(Records contained in a dataset)
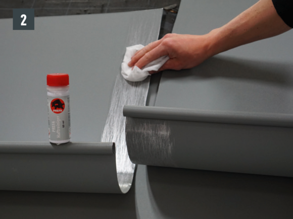 On-roof gutter joints can also executed with 20 pcs. of 4 x 9.5 mm PREFA rivets in a cross stitch version and sealed with PREFA silicone.
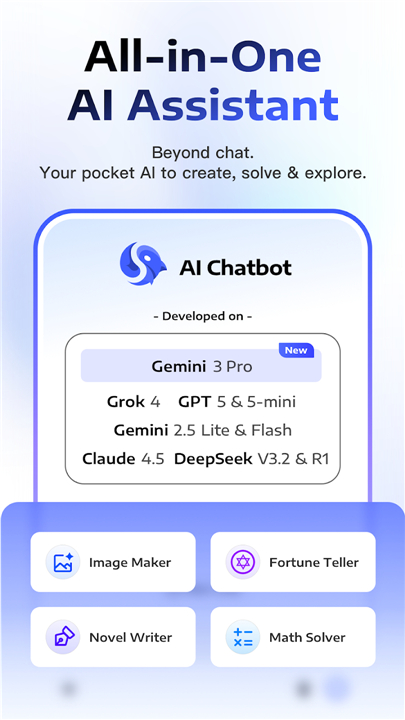 • Powered by the combined strengths of Gemini 3 Pro, GPT 5.2, Claude 4, DeepSeek V3.2 & R1, Grok 4, Qwen, and 2.5 Lite & Flash, AI Seek 2.0 transforms the idea of a chatbot into a versatile, intelligent companion.
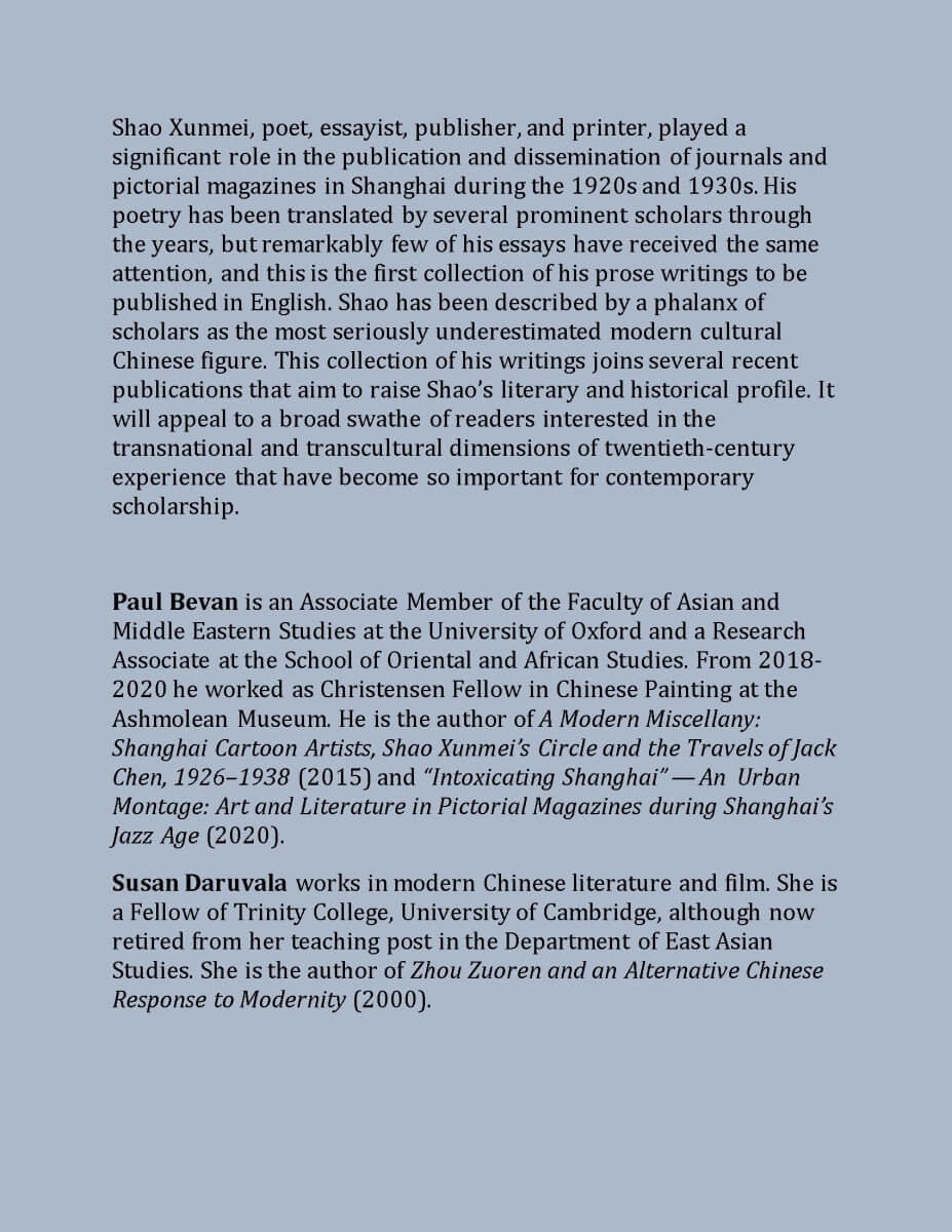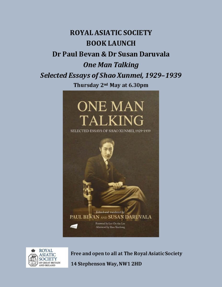 Dr Paul Bevan & Dr Susan Daruvala – One Man Talking: Selected Essays of Shao Xunmei, 1929–1939
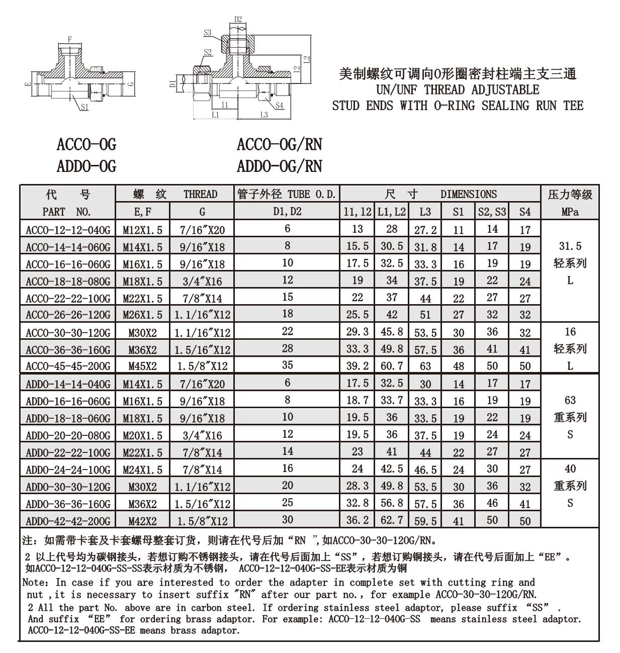 ACC0-OG ADD0-OG 美制螺紋可調(diào)向0型圈密封柱端主支三通
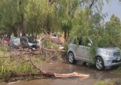 Lefkoşa’da kısa süreli yağış: Ağaç dalları park halindeki araçların üzerine düştü
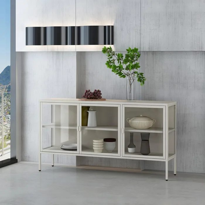 מזנון ויטרינה דקורטיבי עשוי ממתכת בעיצוב מודרני, עם שילוב אלגנטי של זכוכית
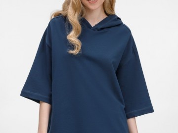 Футболка оверсайз унисекс с капюшоном Neofit, темно-синяя
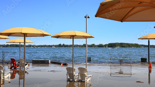 © SNEHIT PHOTO, Obraz premium Yellow umbrellas and plastic chairs on Sugar Beach during flood in Toronto.
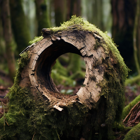 A captivating close-up of a tree stump showcasing intricate inner textures and vibrant green moss, set against a softly blurred nature backdrop.

> Task item
The entries must be repeated exactly. Leave the images out.

> Response to this task
 On-roof gutter joints can also executed with 20 pcs. of 4 x 9.5 mm PREFA rivets in a cross stitch version and sealed with PREFA silicone.
 • Powered by the combined strengths of Gemini 3 Pro, GPT 5.2, Claude 4, DeepSeek V3.2 & R1, Grok 4, Qwen, and 2.5 Lite & Flash, AI Seek 2.0 transforms the idea of a chatbot into a versatile, intelligent companion.
 Dr Paul Bevan & Dr Susan Daruvala – One Man Talking: Selected Essays of Shao Xunmei, 1929–1939
 ACC0-OG ADD0-OG 美制螺紋可調(diào)向0型圈密封柱端主支三通
 Lefkoşa’da kısa süreli yağış: Ağaç dalları park halindeki araçların üzerine düştü
 מזנון ויטרינה דקורטיבי עשוי ממתכת בעיצוב מודרני, עם שילוב אלגנטי של זכוכית
 Футболка оверсайз унисекс с капюшоном Neofit, темно-синяя
 © SNEHIT PHOTO, Obraz premium Yellow umbrellas and plastic chairs on Sugar Beach during flood in Toronto.
 A captivating close-up of a tree stump showcasing intricate inner textures and vibrant green moss, set against a softly blurred nature backdrop.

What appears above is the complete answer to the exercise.